Ongevallen waren, en zijn trouwens nog altijd, niet steeds te vermijden, net als koperdiefstallen blijkbaar.  In december 1910 bijvoorbeeld :

Woensdagmorgend hebben twee gendarmen, vergezelt van den heer adjunct-commissaris Gits, op de wijk Kerrebroek bij verschillende personen huiszoeking gedaan, tot het ontdekken van den bronzen draad, ten nadeele van den staatspoorweg over eenige dageen gestolen. Deze opzoekingen zijn zonder goeden uitslag gebleven”.

Op zondag zondag 17 oktober 1909 was er dan wel weer goed nieuws. Op sportgebied ditmaal, want er werd door Sporting-Club Aalst een groots sportfeest gegeven ter gelegenheid van de inhuldiging van het nieuwe terrein gelegen op Kerrebroek (de Puiteput).

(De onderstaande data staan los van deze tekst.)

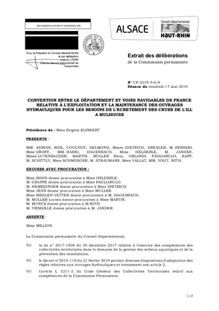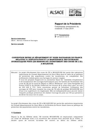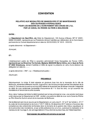 CONVENTION ENTRE LE DÉPARTEMENT ET VOIES NAVIGABLES DE FRANCE RELATIVE À L'EXPLOITATION ET LA MAINTENANCE DES OUVRAGES HYDRAULIQUES POUR LES BESOINS DE L'ECRETEMENT DES CRUES DE L'ILL A MULHOUSE

Op het programma stonden een ‘groote match’ en verschillende koersen (400 m voor scholieren, 1500 m voor scholieren, 3000 m voor effectieven en gymkhana (zakkenlopen)).

Tijdens de gemeenteraad van mei 1913 werd aangekaart dat de koopwarenstatie (= het goederenstation) te klein aan het worden was. Ook de verkeerssituatie op de Gentse steenweg zou in de toekomst niet meer belemmerd mogen worden. Immers, door het groter wordend belang van deze goederenstatie waren er meer treinen, en dat leidde natuurlijk tot meer gesloten overgangen en files op en rond de wegen in Aalst.

Dit issue is ook al eens besproken geweest in het artikel over de Leirekensroute, wat HIER te lezen is.

Men was niet akkoord met een vormingsstation in Denderleeuw, want dat zou vele werkkrachten naar daar doen verhuizen, en men stelde dus Kerrebroek voor. Een probleem voor de oppositie was trouwens dat er niet genoeg nijverheidsgrond in Aalst lag om er een station op te richten.

De burgemeester verklaarde echter dat, indien het goederenstation in Kerrebroek tot stand zou komen, er grote hoeveelheden nijverheidsgrond zullen worden vrijgemaakt.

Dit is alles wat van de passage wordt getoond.